Problem: Juvenile idiopathic arthritis (JIA) is the most common chronic rheumatic disease in children with a temporomandibular joint (TMJ) involvement of 11.6-80%. Patients with affected TMJs often develop pain, malocclusion, and dentofacial deformities. Multiple surgical techniques exist to restore function and esthetics to JIA patients; however, continuing TMJ degeneration, unpredictable autogenous condylar grafting, and donor site morbidity make alloplastic TMJ reconstruction a necessary consideration for management of severe TMJ-related destruction.
Materials and Methods: All the JIA patients with TMJ patient-fitted total joint replacement (TJR) between 2010-2018 at the University of Texas – Health at San Antonio were retrospectively analyzed.
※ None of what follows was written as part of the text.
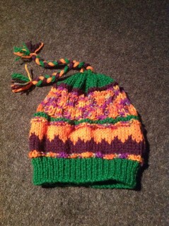 This hat was made for the gorgeous Camille. It has honeycomb cables, that seriously, if I had thought more about this, I would have realised that they are reversible. REVERSIBLE CABLES! Genius. I feel a scar coming on. And then I made them in a bright rainbow wool, so its kinda psychedelic.

Twenty-five patients with JIA had TMJ TJR with or without concomitant orthognathic surgery within this time period. Inclusion criteria for use within this retrospective analysis were: 1) diagnosis of JIA, 2) end-stage TMJ disease, 3) TMJ reconstruction with TMJ Concepts (TMJ Concepts Inc., Ventura, CA, USA), 4) radiographic and clinical data at > 12 months follow-up. The average age at time of surgery was 18 years old (yo) (range, 14-23). Mean follow-up was 19 months (range, 1-92). Clinical, radiographic, and examination data were collected at preoperative, immediate postoperative, and longest follow-up (LFU) time points. Visual analog scales for facial pain, TMJ pain, jaw function, diet, and disability were documented at each time point. Maximum interincisal opening (MIO), lateral excursions, and physical examination were documented at each time point. Surgical data at the perioperative and longest follow-up time points were recorded for complications. Student’s t-tests were used to compare like groups with an alpha of < .05 for statistical significance.
Results: Thirteen patients, with appropriate clinical documentation, had a mean age of 18 yo (range, 16-23) at the time of TMJ TJR and an average LFU of 21 months (range, 12-68). Five had concomitant orthognathic surgery. The mean preoperative facial pain was reduced from 4.6 to 1.5 at the LFU (P = < .05). The mean preoperative TMJ pain was reduced from 5.9 to 0.85 at the LFU (P = < .05). The mean preoperative jaw function, with 0 being “normal” and 10 being “cannot move jaw,” was reduced from 3.9 to 0.6 at the LFU (P = < .05). The mean preoperative diet, with 0 being “no restriction” and 10 being “liquids only,” was reduced from 4.1 to 0.6 at the LFU (P = < .05). The mean disability, with 0 being “none” and 10 being “total,” was reduced from 4.4 to 0.23 at the LFU (P = < .05). Of the objective data points, the mean preoperative MIO with pain was increased from 33.5mm to 44mm at the LFU (P = < .05). The mean preoperative MIO without pain was increased from 31.1mm to 43mm at the LFU (P = < .05). No significance complications occurred.
Outcomes and Conclusion: All the JIA patients had statistically significant improvement in subjective VAS and objective measurements. All of the JIA patients had occlusal stability at a mean LFU of 19 months. Alloplastic TMJ reconstruction is a safe, stable, and efficacious treatment option for the surgical management of end-stage disease in JIA patients that suffer destruction of their TMJ.
Frid P, Resnick C, et al. Surgical correction of dentofacial deformities in juvenile idiopathic arthritis: a systematic literature review. Int J Oral Maxillofac Surg. 2019 Jan 28.
Resnick CM, Frid P, et al. An Algorithm for Management of Dentofacial Deformity Resulting From Juvenile Idiopathic Arthritis: Results of a Multinational Consensus Conference. J Oral Maxillofac Surg. 2019 Feb 21.